The anti-tax activist known for his initiatives to slash car-tab fees testified in a public hearing Monday against broad emergency powers of the type Gov. Jay Inslee has used during the COVID-19 pandemic.
“Instead of him shutting down certain businesses … I say you don’t have to pay your car tabs at all,” said Eyman, who ran for governor in 2020 but didn’t clear the primary.
“At a certain point, I believe you have to keep the checks and balances that you have,” Eyman continued, adding that he doesn’t believe in emergency powers “at all.”
Before the pandemic, Washington’s broad and powerful emergency statutes didn’t attract much notice.
Under state law, those powers — given generations ago by the Legislature to the governor — don’t have an expiration date, and they grant the governor broad authority to do things like restrict gatherings and set curfews.
Washington’s statute goes even further, allowing governors authority over “such other activities as he or she reasonably believes should be prohibited to help preserve and maintain life, health, property or the public peace,” according to the law.
Inslee and Democratic leaders have pointed to the success of Washington’s response, with the state having one of the lowest death rates due to COVID in the nation. And since the pandemic’s early days, the emergency-power law has been held up as constitutional in dozens of court challenges.
That’s little balm for Republicans — a minority in the state House and Senate — who have felt largely shut out of the response to the pandemic amid unified Democratic control.
Now, in the second legislative session held largely remotely due to COVID, Democratic lawmakers have allowed public hearings on proposals — one Democratic and one Republican — to put some curbs on the governor’s powers.
In order to advance this year, the bills need to be voted out of their committees by Thursday.
Each hearing drew more than 5,000 people to testify — with the overwhelming majority in favor of adding some limits to the executive branch’s authority.
On Monday, House lawmakers held a hearing — the one where Eyman spoke — on a more ambitious proposal to curb the governor’s powers.

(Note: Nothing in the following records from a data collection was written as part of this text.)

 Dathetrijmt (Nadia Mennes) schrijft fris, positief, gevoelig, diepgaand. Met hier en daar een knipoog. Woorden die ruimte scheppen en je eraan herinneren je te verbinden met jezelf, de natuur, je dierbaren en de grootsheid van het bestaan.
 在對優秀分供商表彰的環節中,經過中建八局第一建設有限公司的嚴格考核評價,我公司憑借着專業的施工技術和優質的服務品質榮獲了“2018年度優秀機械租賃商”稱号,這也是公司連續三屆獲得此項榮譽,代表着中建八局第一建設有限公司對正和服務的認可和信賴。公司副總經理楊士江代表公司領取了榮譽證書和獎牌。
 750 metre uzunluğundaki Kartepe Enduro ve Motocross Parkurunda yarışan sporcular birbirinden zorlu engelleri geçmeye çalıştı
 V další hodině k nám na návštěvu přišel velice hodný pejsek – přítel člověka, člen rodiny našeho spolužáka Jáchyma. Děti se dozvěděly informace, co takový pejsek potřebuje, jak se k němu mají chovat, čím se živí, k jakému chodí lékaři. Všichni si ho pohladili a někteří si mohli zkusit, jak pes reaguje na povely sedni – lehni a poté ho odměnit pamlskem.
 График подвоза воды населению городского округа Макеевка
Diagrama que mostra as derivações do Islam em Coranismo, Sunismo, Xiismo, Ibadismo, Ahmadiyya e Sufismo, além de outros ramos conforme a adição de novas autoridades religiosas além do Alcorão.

Sponsored by Rep. Chris Corry, R-Yakima, House Bill 1772 would, among other things, limit a state of emergency to 60 days unless extended by the Legislature and allow lawmakers to terminate specific restrictions taken under that emergency order.

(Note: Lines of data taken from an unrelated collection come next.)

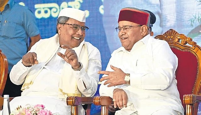 Chief Minister Siddaramaiah and Governor Thaawarchand Gehlot share a light moment at the inauguration of the centenary celebrations of the KAS Officers’ Assocation in Bengaluru on Wednesday | Nagaraja
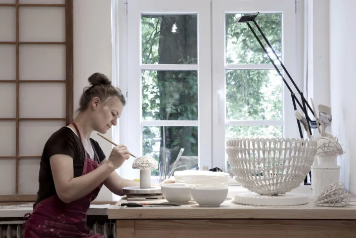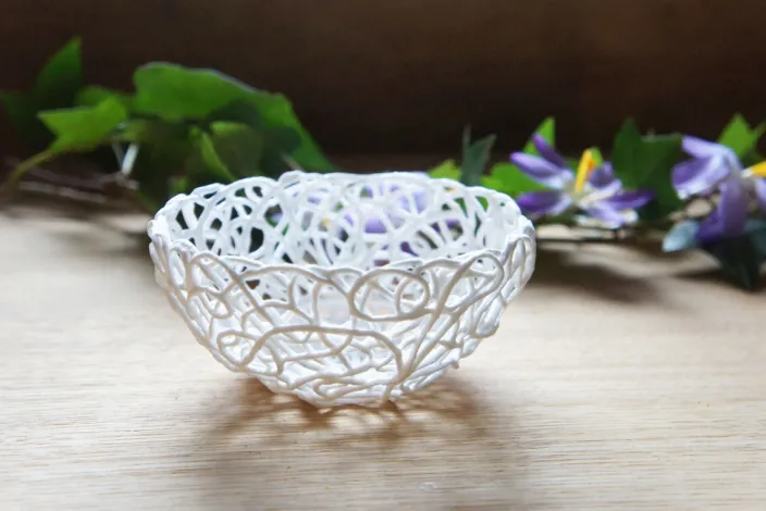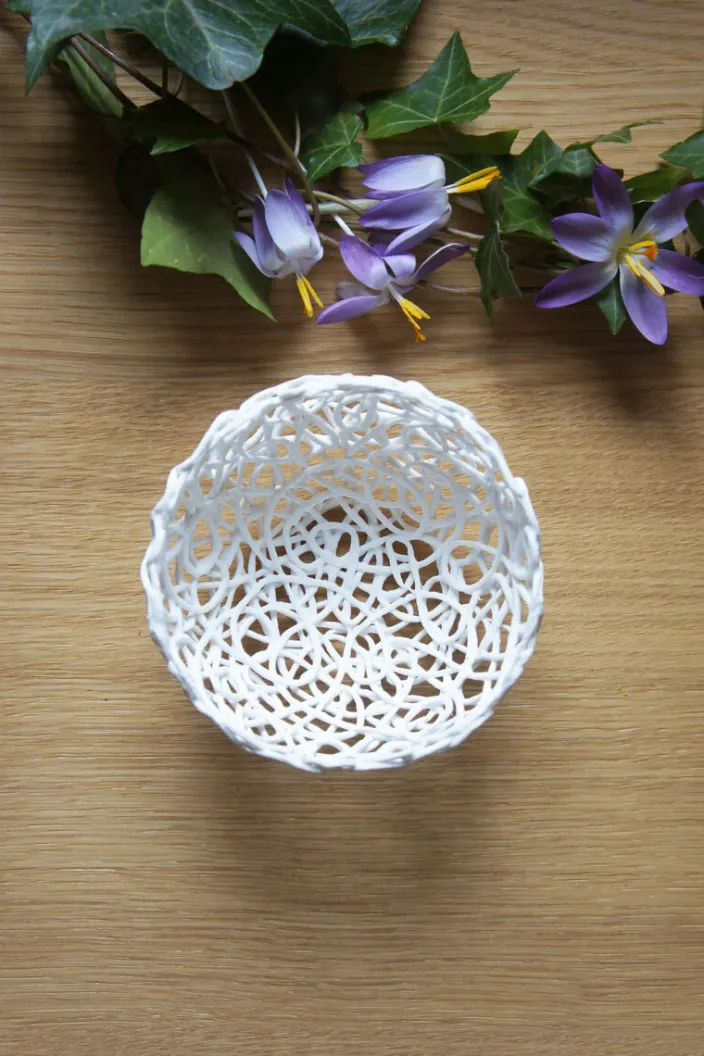 Die handgefertigte Kordelporzellanschale punktet nicht nur durch das Design: Sie eignet sich auch bestens zum Aufbewahren verschiedenster Gegenstände. Bei der von Silke Decker entwickelten Technik des Kordelporzellans taucht sie Wollfäden in Gießporzellan und legt sie einzeln zu Geflechten aus, wodurch die einzigartige Optik entsteht. Im Ofen verbrennen die Fäden und hinterlassen das reine Porzellan, während die Struktur der Kordel erhalten bleibt. Silke Deckers Dekoobjekte punkten durch Leichtigkeit, Stabilität und Funktionalität.
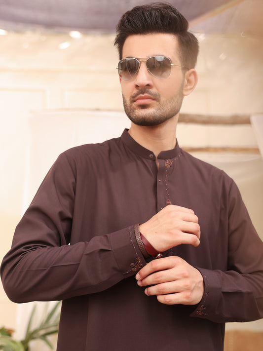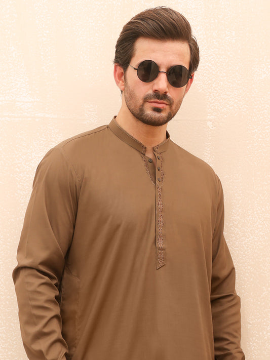 Light Brown Blended Kameez Shalwar - AL-KS-2536

“One of the things that impacted me the most during the last two years of the state of emergency were the panicked calls I’d get from businesses and individuals whenever they heard there was going to be a press conference” with the governor, Corry said.
“We’re not meant as people to live under long-term executive orders,” he added. “And the stress caused by living in fear and uncertainty is really not something I think any of us want our constituents to experience.”

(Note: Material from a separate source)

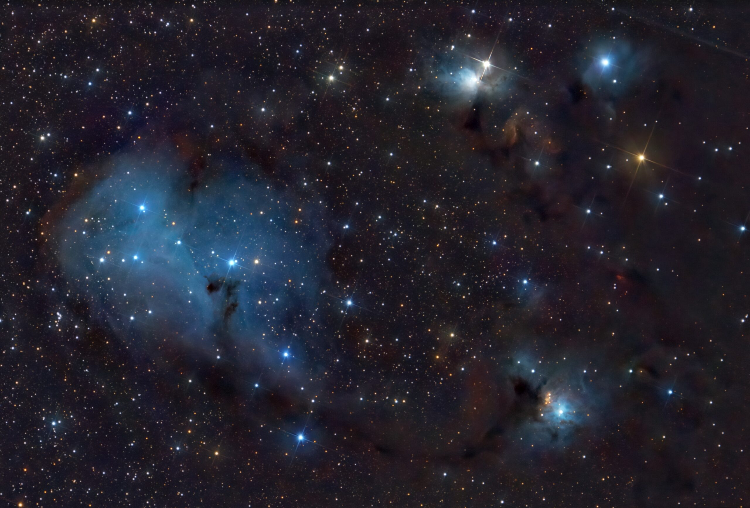 بهنظر میرسد سحابیهای بازتابی آبیرنگ، این پهنه غبارآلود را پر کردهاند. این چارچوب تلسکوپی واضح، بیش از یک درجه از آسمان را در صورت فلکی کمنور «تکشاخ» (Monoceros) پوشش میدهد. سحابی آبی IC 447 که در مجموعه ابر «تکشاخ آر۱» (Monoceros R1) با فاصله تقریباً ۲,۵۰۰ سال نوری از زمین دیده میشود، در سمت چپ قرار دارد و توسط یک رشته تاریک و طویل از گردوغبار به سحابی IC 446 در سمت راست و پایینتر متصل شده است.
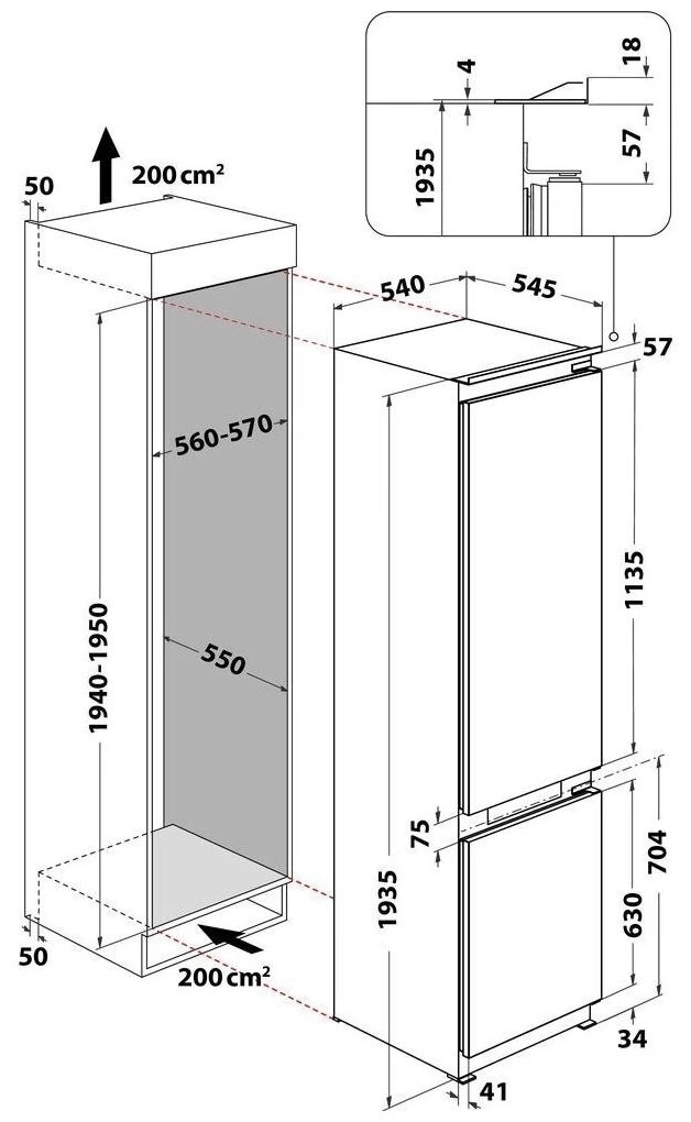 Встраиваемый холодильник Whirlpool WHC20T352 представляет собой компактное и функциональное устройство с габаритами 193×54,5×54 см. Его общий полезный объём составляет 250 литров, включая холодильную камеру вместимостью 182 литров и морозильную камеру объёмом 68 литров. Модель оснащается системой Full No Frost, обеспечивающей отсутствие льда и снежной шубы на стенках камер благодаря автоматической разморозке.

Meanwhile, last week, lawmakers heard a proposal by Sen. Emily Randall, D-Bremerton, that would allow the four legislative leaders — the minority and majority leaders in the House and Senate — to cancel a state of emergency after 90 days.
In an interview, Randall said she’d at one recent point received more than 1,000 emails within 48 hours from residents calling for changes to the emergency power laws.
“There’s some question about whether or not one person should have control for so long,” she said.
If either bill advances in this year’s 60-day legislative session, it’s likely to be Randall’s Senate Bill 5909 — but a key pair of Democratic leaders don’t sound super enthused.
Asked about limits to his emergency powers last week in a regularly scheduled news conference, Inslee pointed to Washington’s low death rate and his work with the Democratic-controlled House and Senate during the pandemic.
“I’m just not very excited about this, because the Legislature has embraced what we’re doing,” Inslee said.
When drafting the two-year state budget last year, lawmakers made decisions on disbursing billions of dollars in federal COVID aid.
And even with the governor’s broad authority, the four legislative leaders already have the power to stop some emergency orders after 30 days, such as those that waive statutory obligations like rules involving liquor permits and inspections of long-term care facilities. The leaders have largely signed off to extend those orders throughout the pandemic.
House Speaker Laurie Jinkins, D-Tacoma, said she doesn’t have an objection to considering Randall’s bill if the Senate approves it.
But, “We’re nationally recognized as a state that has led the way in saving people’s lives … and the governor has made really good decisions,” Jinkins said during a question-and-answer session with reporters.
Jinkins also cast doubt on whether Randall’s bill would do much to change anything. With a two-thirds vote in each chamber, lawmakers have the power to call themselves into a special session and take action on emergency powers.
“We can call ourselves into special session, we can end any governor’s emergency powers at any time we want to, as a Legislature,” Jinkins said. “We could do that right now with the governor’s emergency powers, if we thought that was what we should be doing.”